Time went on, and the initial shock and awe of our divorce started to calm. I was doing well in life, and I was even in a new relationship. Clearly, I was cured, anyone could see that.

But I didn’t like who I was in this new relationship. I didn’t like how scared I was to be vulnerable, I didn’t like how bad I was at communicating, I didn’t like that I was so set in my ways. I didn’t really like me. Not the me that I was because of my ex, or my kids, or my crappy marriage. Just me. I wanted to be better.

And that’s when therapy started to work.

I was no longer interested in finding a therapist who would simply validate all of my grievances against my ex. I needed more than someone who would just tell me I was right. I knew I was wrong, and I knew it was time to be better.

I googled therapists in my area and tried a session with a few of them until I found one I really liked. (Please note: finding the right fit when searching for a therapist is so important. If it doesn’t feel right, don’t hesitate to keep looking.) Once I found a great therapist I booked a bunch of appointments and started digging in. How had I gotten to this point? What were the roots and the whys of how I moved through life and interacted with the people closest to my heart? Why were so few people ever allowed close? How could I do better the next time my heart was on the line?

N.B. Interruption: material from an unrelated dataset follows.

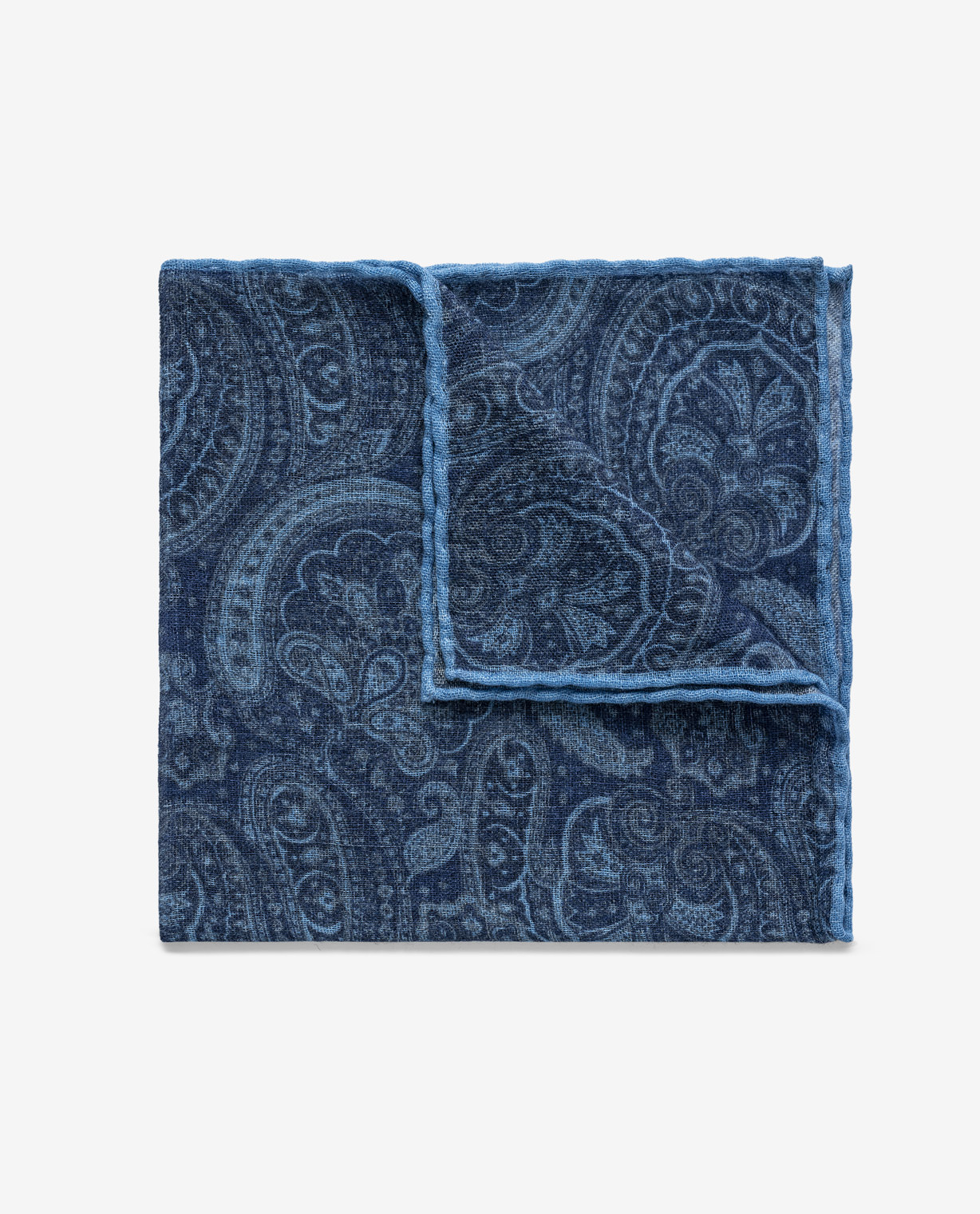 With an artistic paisley in muted blues, this pocket square offers a refined addition to any look. Crafted from an open weave of wool with silk for a softened finish. Designed here with a hand-rolled edge for added elegance. Make this pocket square your own with a monogram.

Most of my work in therapy didn’t have much to do with Elizabeth at all, because the roots of that failed relationship began growing well before she even came into my life. To figure out a way forward with her as a co-parent and figure out my life forward as a whole human, I had to go back to the roots. And I had to learn how to start growing something better.

Therapy is not for everyone, and only you know for sure if it would be a good fit for you. I firmly believe the biggest bene- fit of therapy is simply the opportunity to speak your story into the air, have someone else catch it for you, and turn it around so you might be able to see it from a new angle. Sometimes it can take trying a few different therapists before you find the one who can get you to engage with the process in a productive way.

The biggest requirement of any therapist, or any friend who is acting as your therapist, is that they are honest with you. You need someone who is supportive but stern, who doesn’t judge but also doesn’t tolerate your bullshit. (Also, it’s worth noting that your friends are not actually therapists, and as such it is not actually their job to deal with your problems. If you find yourself calling the same friends over and over again, saying the same shit over and over again, it might be time to find an actual therapist. You need more help than your friends can give you over appetizers, and your friends deserve to have a happy hour that involves more than sad monologues.)

Wherever you are in your particular journey, therapy can usually provide at least a little direction and comfort. And trust me when I tell you that this particular journey is definitely going to be smoother if you have a trained professional guiding your scattered ass.